_SOURCE DATA:_
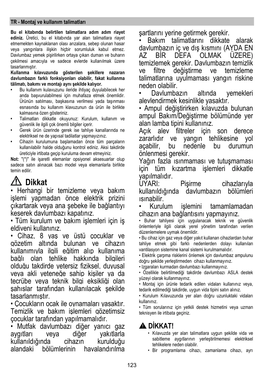 kullanildiÿimda davlumbazin bôlümleri isinabilir. + Kurulum islemini tamamlamadan
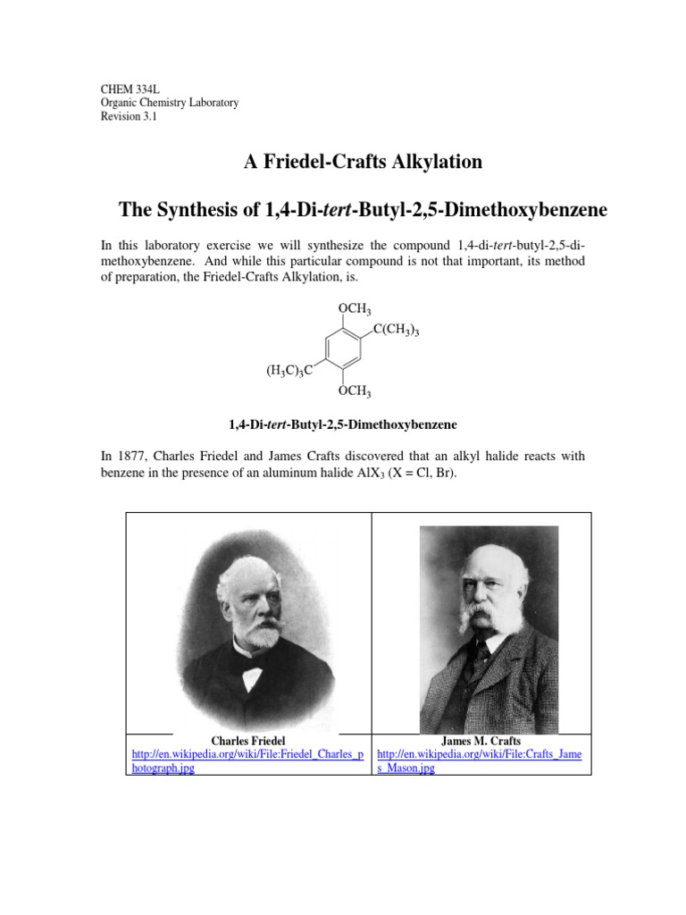 In this laboratory exercise we will synthesize the compound 1,4-di-tert-butyl-2,5-di-
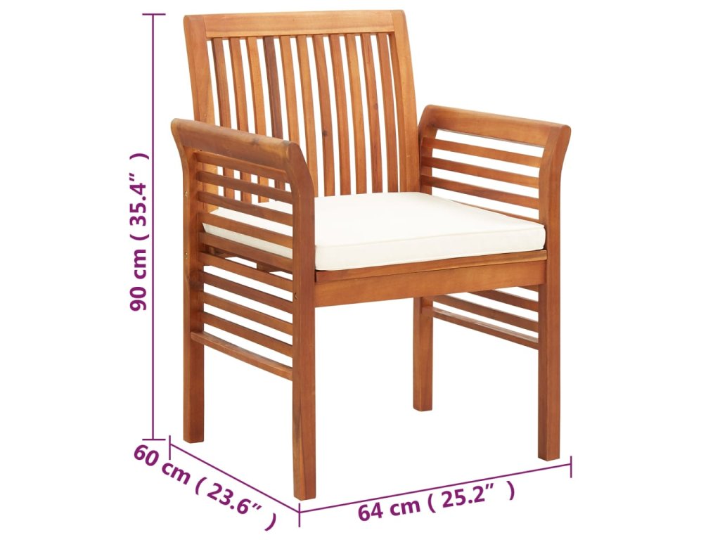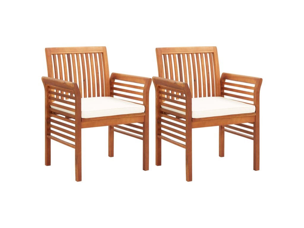 Tyto židle z dřevěným rámem z klimaticky odolné akácie s sebou na vaši terasu či zahrádku přinesou stylový vzhled a vaše venkovní bydlení oživí svým přírodním šarmem. Pohodlně se usaďte a relaxujte, v našich komfortních židlích s hlubokými sedáky a měkkými pěnovými poduškami si můžete užívat odpočinek po dlouhé hodiny. Voděodolné podušky se snadno čistí. Sestavení židlí je snadné.
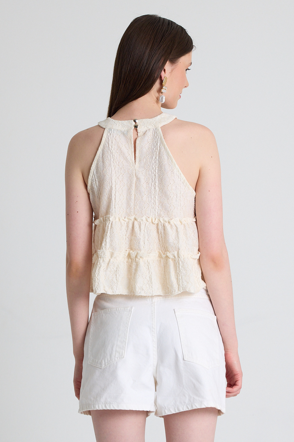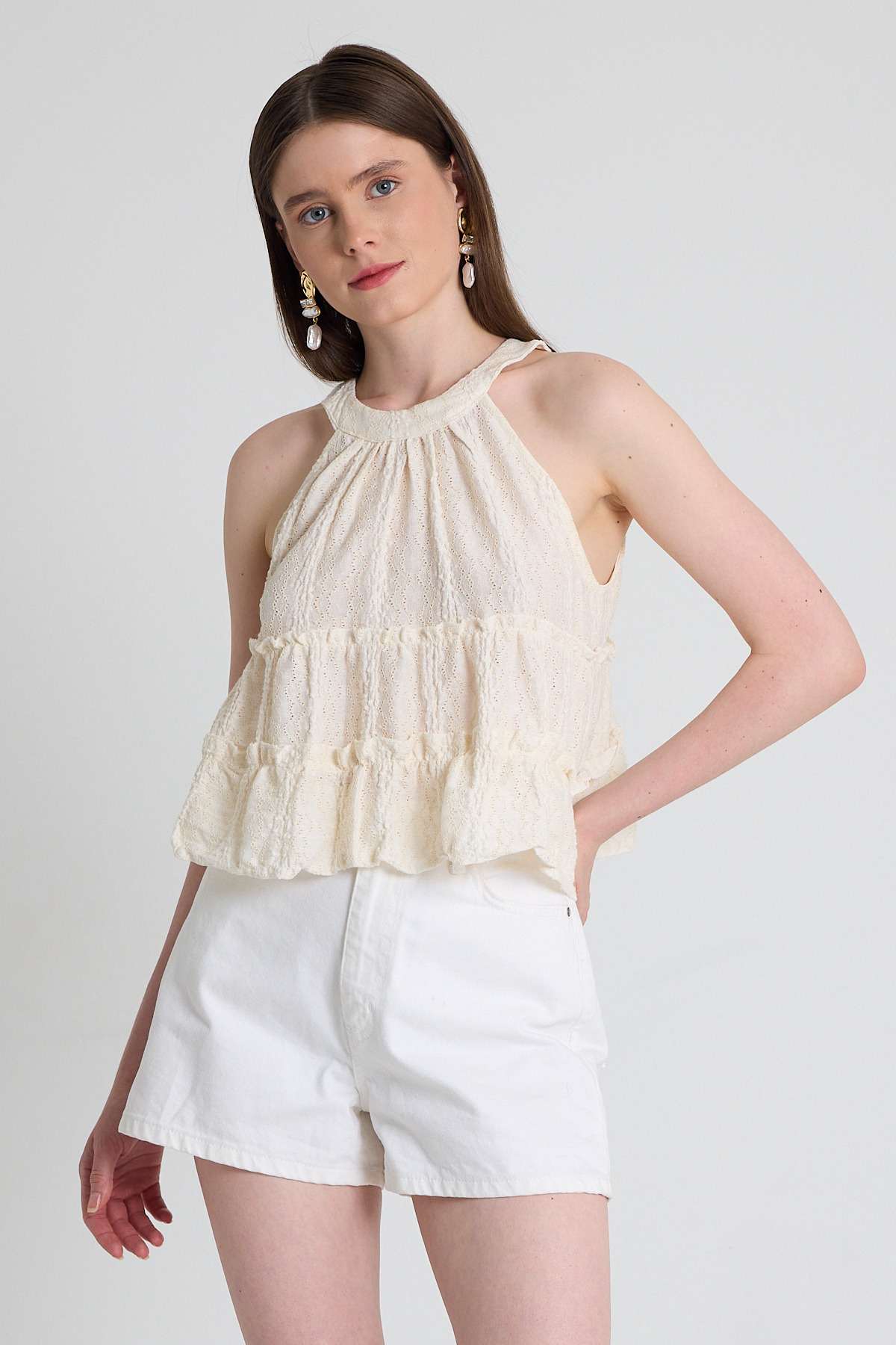 Bej Keten Görünümlü Kat Kat Bluz 241189

_EXERCISE DETAILS:_ Print every line of the material exactly as written, but drop the pictures.

_RESPONSE AREA:_
 kullanildiÿimda davlumbazin bôlümleri isinabilir. + Kurulum islemini tamamlamadan
 In this laboratory exercise we will synthesize the compound 1,4-di-tert-butyl-2,5-di-
 Tyto židle z dřevěným rámem z klimaticky odolné akácie s sebou na vaši terasu či zahrádku přinesou stylový vzhled a vaše venkovní bydlení oživí svým přírodním šarmem. Pohodlně se usaďte a relaxujte, v našich komfortních židlích s hlubokými sedáky a měkkými pěnovými poduškami si můžete užívat odpočinek po dlouhé hodiny. Voděodolné podušky se snadno čistí. Sestavení židlí je snadné.
 Bej Keten Görünümlü Kat Kat Bluz 241189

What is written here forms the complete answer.